A little while later, a couple of other women joined us, and we had fun talking about music and TV shows and such. When the doors opened, we all ran down to the front of the stage and had perfect viewing, except for the speakers that were in front. The stage was exceptionally high, so these blocked my view of the back of the stage. However, I wouldn't complain, since it was a great place regardless. The band were awesome, as usual. They were funny and had us laughing and smiling the whole way through. Also, they let us bring cameras in (no video or flash photography), and my camera has a low-light setting that doesn't use the flash. So I got some great shots, and we all traded the camera around every now and then to get some different perspectives. At the end of the show, as the staff were clearing the stage, they handed out guitar picks, etc., and I got one of Mark Hart's guitar picks, which even had his name on it.

Afterwards, we went out to the back door, and we were able to meet the band and get autographs. They were exceptionally sweet and really funny. Nick Seymour even let us take a photo with him (I'm sure the other guys would have, too, but we didn't get to ask, however, they did sign autographs and chat with us). When we walked back to our cars, we were all screaming and jumping up and down like teenagers. I haven't felt that happy in a long time.

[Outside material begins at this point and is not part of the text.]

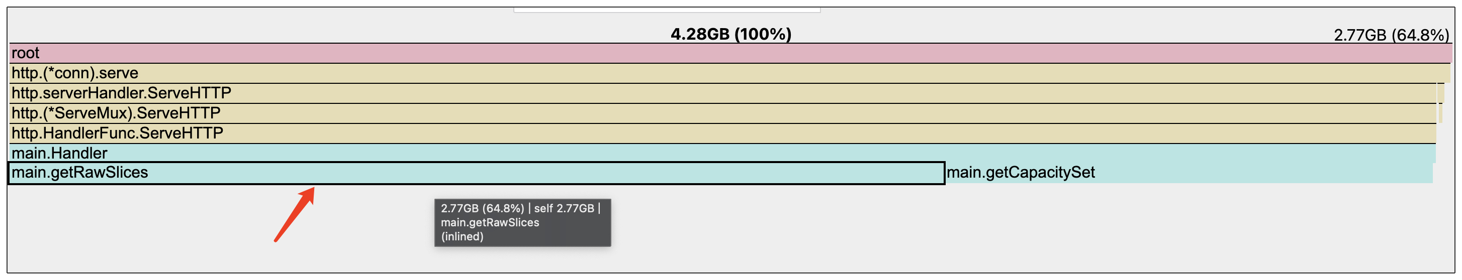 从内存火焰图中我们可以看出,除了已经优化后的集合构造函数getCapacitySet,现在最消耗内存的是切片生成函数getRawSlice。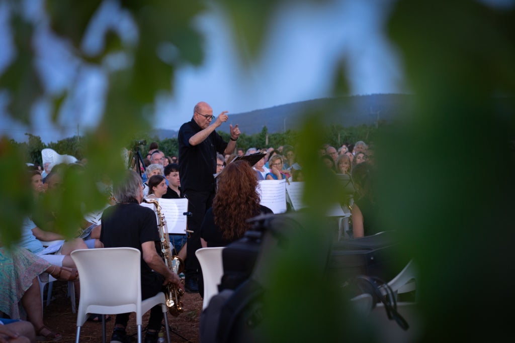 Aquesta nit l’instrument que sonen o que toquen per interpretar música es transmutà en la seva veu per recitar els poemes del context que vivim actualment, poemes relacionats amb la pau i contra les guerres incíviques i els genocides que malauradament tenim molt a prop a Ucraïna i Palestina, altres poemes eren més reflexius sobre la pau interior que cercam les persones en el transcurs de les nostres vides. Quatre veus que ompliren i perfumarem els raïms de la vinya de can Pau, que per setembre es transformaran en un vi rosat i negre ple de melodies i de paraules de pau.

Sis and I also saw a-ha in LA in May, which was my birthday present to myself, to go on a trip out there. I hardly ever get to go to concerts, and this one meant a lot to me, since a-ha were the first concert I'd ever been to, and this was the first time they'd toured the US since 1986. It's also their last tour EVER, since they are breaking up after this. I have been a fan of theirs since the beginning and it was great to hear all their newer songs live, since I'd never heard them live before. It was hard not to cry, knowing it would all end, but it was amazing. So, for me, that's two great concerts in one year, which is rare for me. I just wish I could feel that way all the time.